Сбросив пиджак и жилет, Хань налил себе кофе и добавил две ложки сахара, но тут его отвлёк телефонный звонок. С досадой он ответил на звонок.
― Всё, я сообщил в Академию, что ты наведаешься к ним, тебя будут ждать. Данные по делу и файлы я тебе тоже переслал. Удачи.
Хань отрешённо отложил телефон.
Ну здорово...
Из любопытства он просмотрел присланные файлы и сведения, встряхнулся и окончательно взбодрился. Может, в его жизни и случались время от времени моменты Жэ, но вот прямо сейчас всё шло просто отлично.

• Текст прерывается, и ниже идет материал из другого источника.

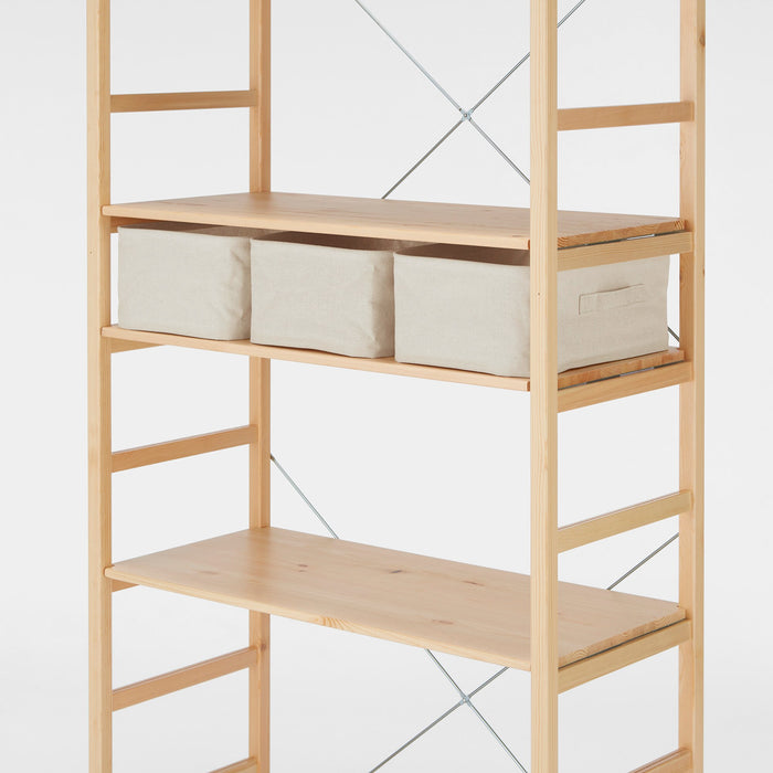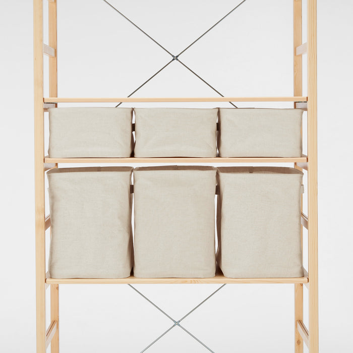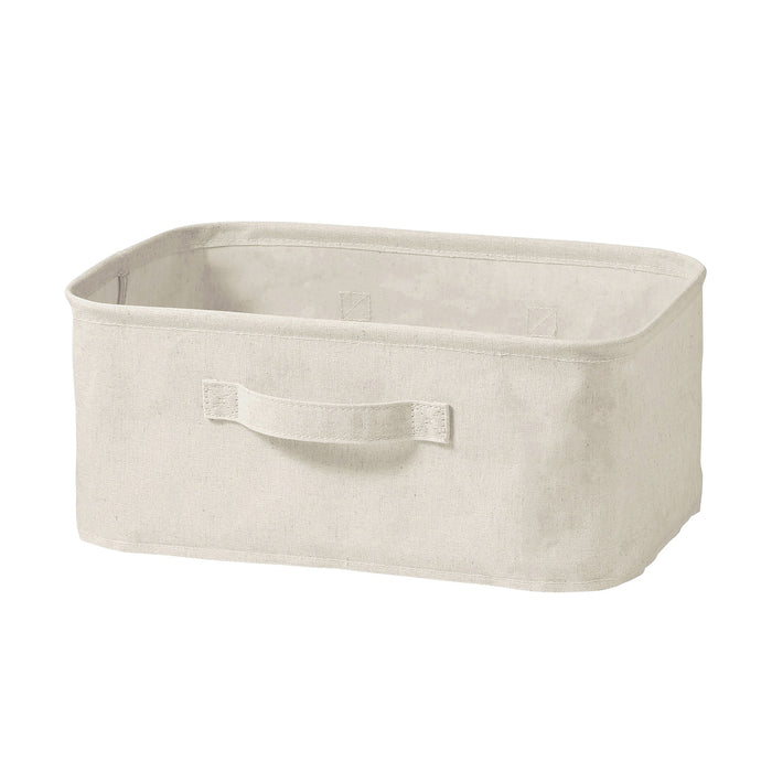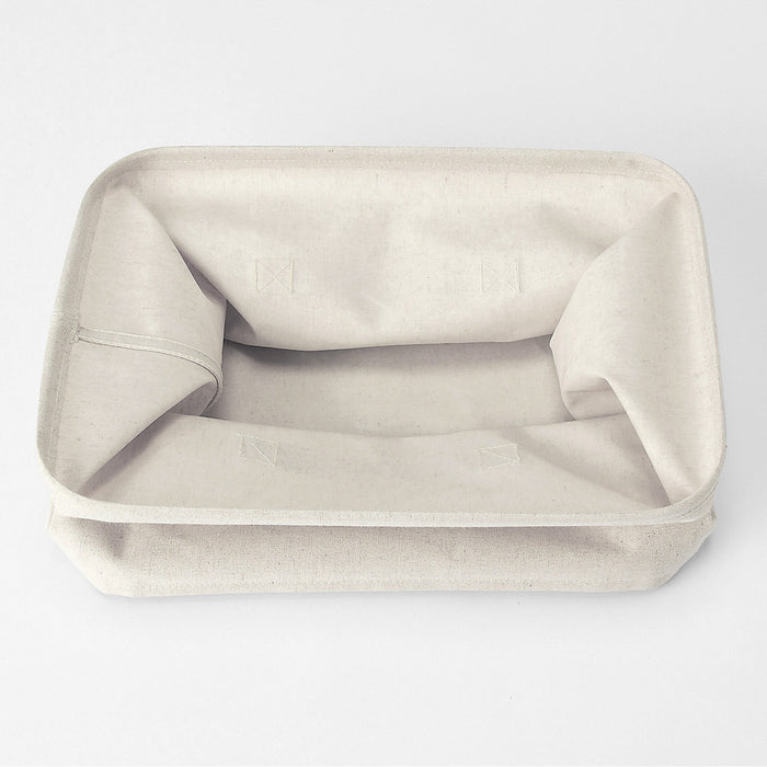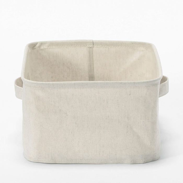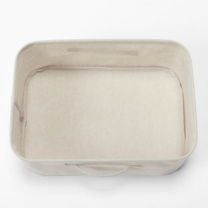 A foldable rectangular cloth storage box with a coated inner surface to protect your items. The included handle means you can access it easily even when it is stored up high.
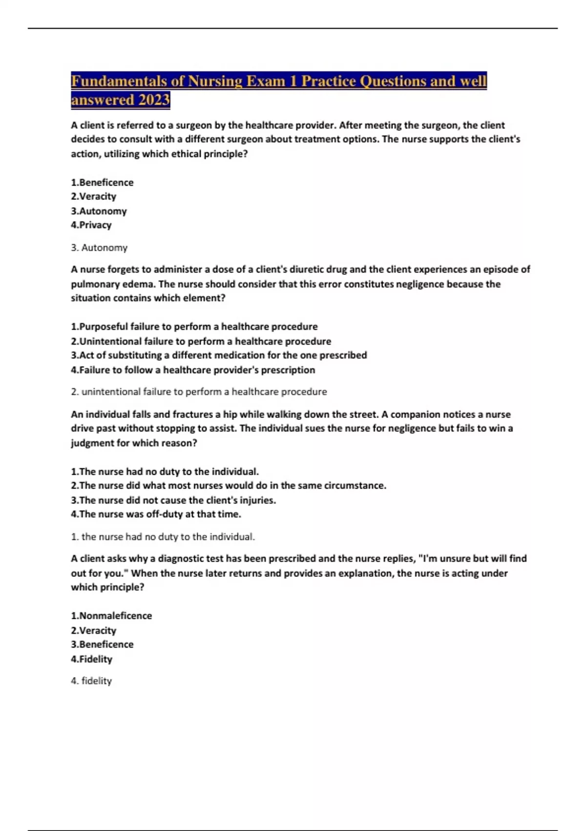 Fundamentals of Nursing Exam 1 Practice Questions and well answered 2023
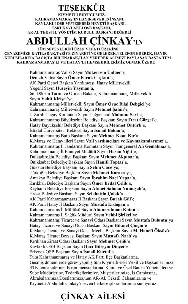 Geçen günlerde Hakk’ın rahmetine kavuşan Kahramanmaraş’ın hayırsever iş insanlarından Kavlaklı OSB müteşebbis heyeti başkanı, Kavlaklı OSB eski başkanı ve AR-AL Tekstil yönetim kurulu başkanı Abdullah Çinkay’ın tüm sevenlerini üzen vefatı üzerine ailesi tarafından teşekkür ilanı yayımlandı.
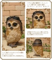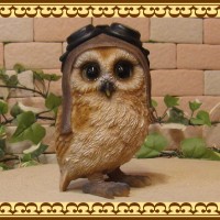縁起物で知られるレジン製のリアルなフクロウの置物です。 ゴーグルをかぶって、ダンディーな姿となって登場 ゴーグルの取り外しは出来ません。
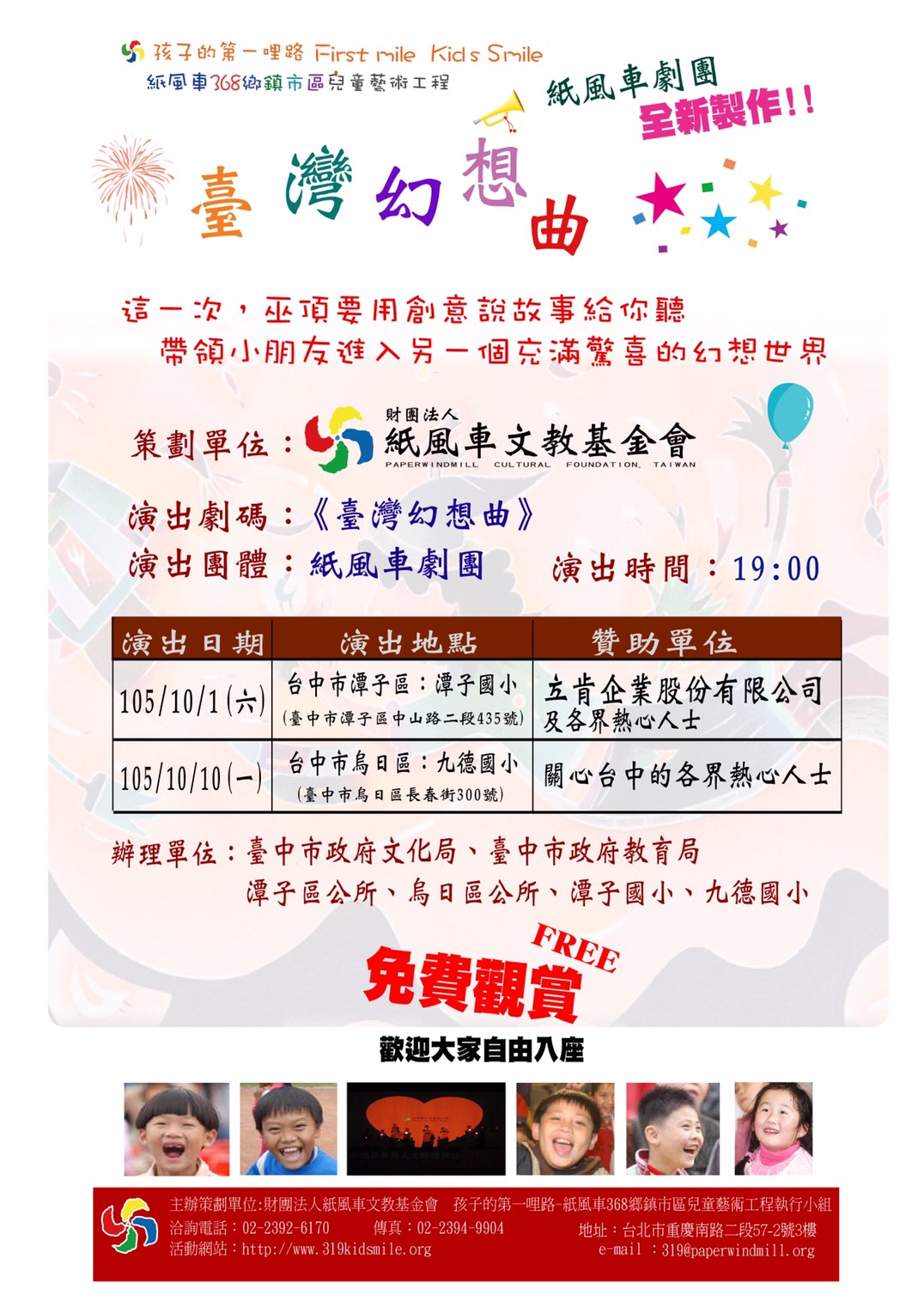 10月1日潭子國小場次,由立肯企業股份有限公司及台中各界熱心人士捐款演出,10月10日則由關心台中的各界人士捐款演出;民眾可免費入場欣賞,兩場預估總計服務3000位觀眾。詳細演出資訊可洽紙風車文教基金會網站查詢 http://www.319kidsmile.org/368/charm_368.asp 或電洽02 2392-6170。(9/23*17)*文化局
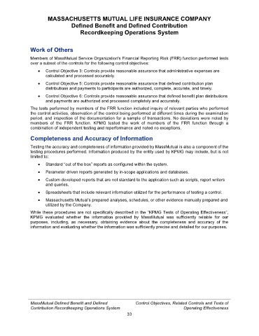 Testing the accuracy and completeness of information provided by MassMutual is also a component of the
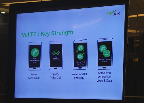 พร้อมกับนี้ AIS ประกาศให้บริการโทรด้วยเสียงบนเครือข่าย 4G หรือ VoLTE (Voice over LTE) บนเครือข่าย AIS 4G ซึ่งมีคุณสมบัติให้เสียงคมชัดยิ่งขึ้นระดับ Full HD, เสียงรบกวนต่ำ, ใช้เวลาเชื่อมต่อคู่สายขณะโทรออกเร็วขึ้นกว่าเดิม รองรับ voice to video
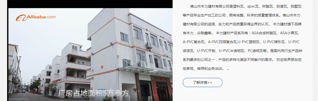 佛山市本力建材有限公司是一家集研发、设计、生产、销售于一体的专业化屋面建材公司。经过多年的发展,本力建材已拥有员工100多人,占地总面积30000多平方米,拥有9条先进生产线。本力建材旗下品牌有本力,众联鑫等。
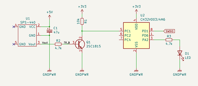 SPS-440は電源が5V必要となります。CH32V003は5Vでも動作するのでそのままSPS-440の出力を入力しても良いのですが、CH32V203のように3.3V電源の電源でも使用できるようにトランジスタを入れて、レベル変換をしています。また、SPS-440の出力も反転させています。
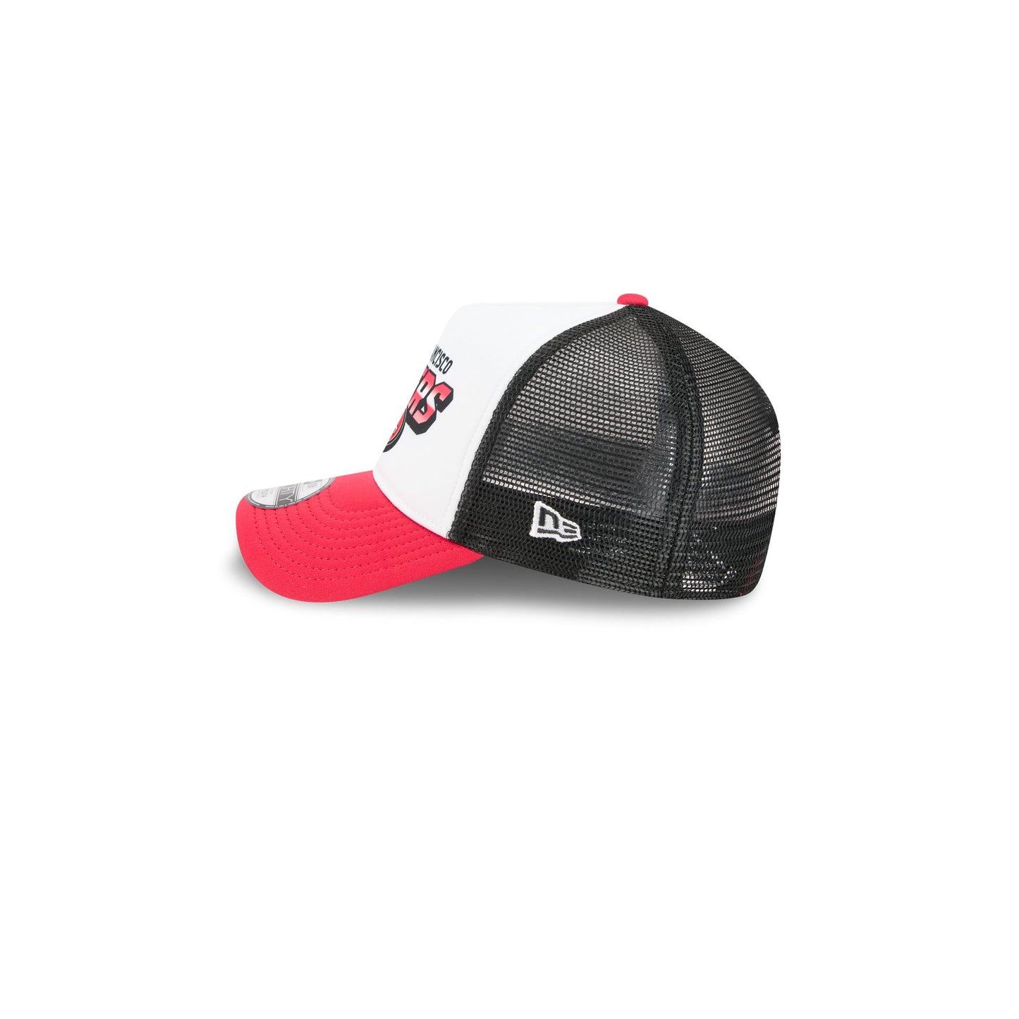 The San Francisco 49ers Shine Kids 9FORTY A-Frame Trucker features a screen-printed 49ers graphic at the front panels with an adjustable snapback closure at a mesh rear.

Он покрутился перед зеркалом и пришёл к выводу, что выглядит на миллион золотых монет. Самочувствие соответствовало внешнему виду. И когда он распахнул дверцу личного гардероба, восторженно раскрыл рот. Теперь у него хватало шмоток, о каких он прежде только мечтал. И не только шмоток.
Хань окончательно вжился в роль, распечатал данные, завалился на диван и основательно изучил их. Потом он возился с пистолетом и целился в собственное отражение в зеркале. Пожалуй, для полного счастья ему требовался только пресловутый партнёр, которого он подбирал себе с помощью игровой системы.
Хань переоделся, сменив строгий костюм на лёгкие брюки спортивного покроя и пятнистую футболку, прихватил куртку и отправился в Академию. Он уже прикинул, какой человек ему понадобится для дела.
Всё выглядело довольно просто: некто переправлял в город крупные партии оружия, после чего оружие распродавалось и расходилось, однако сам торговец оставался в тени. Оружие обычно получали крупные и влиятельные преступные группы, стало быть, они могли и делать заказы, то есть, формировать спрос. Всего-то требовалось затесаться в какую-нибудь влиятельную преступную группу и с отправкой следующего заказа выяснить личность торговца оружием, поэтому Хань решил ограничиться одним помощником. Достаточно для страховки, а разобраться с делом он мог и сам. Итак, мозг операции ― Хань, и ему нужны "мышцы".
В Академии его действительно ждали, однако энтузиазм медленно, но верно сходил на нет.
Хань со скучающим видом смотрел на очередного кандидата и понимал, что "просто" не выйдет. Каждый его чем-нибудь не устраивал.
― Вы рок-группу хотите сколотить или собираете команду для полёта на Марс? ― возмущённо вопросил куратор Академии, озадаченный новым отказом.
Хань выразительно потыкал пальцем в сторону кандидата.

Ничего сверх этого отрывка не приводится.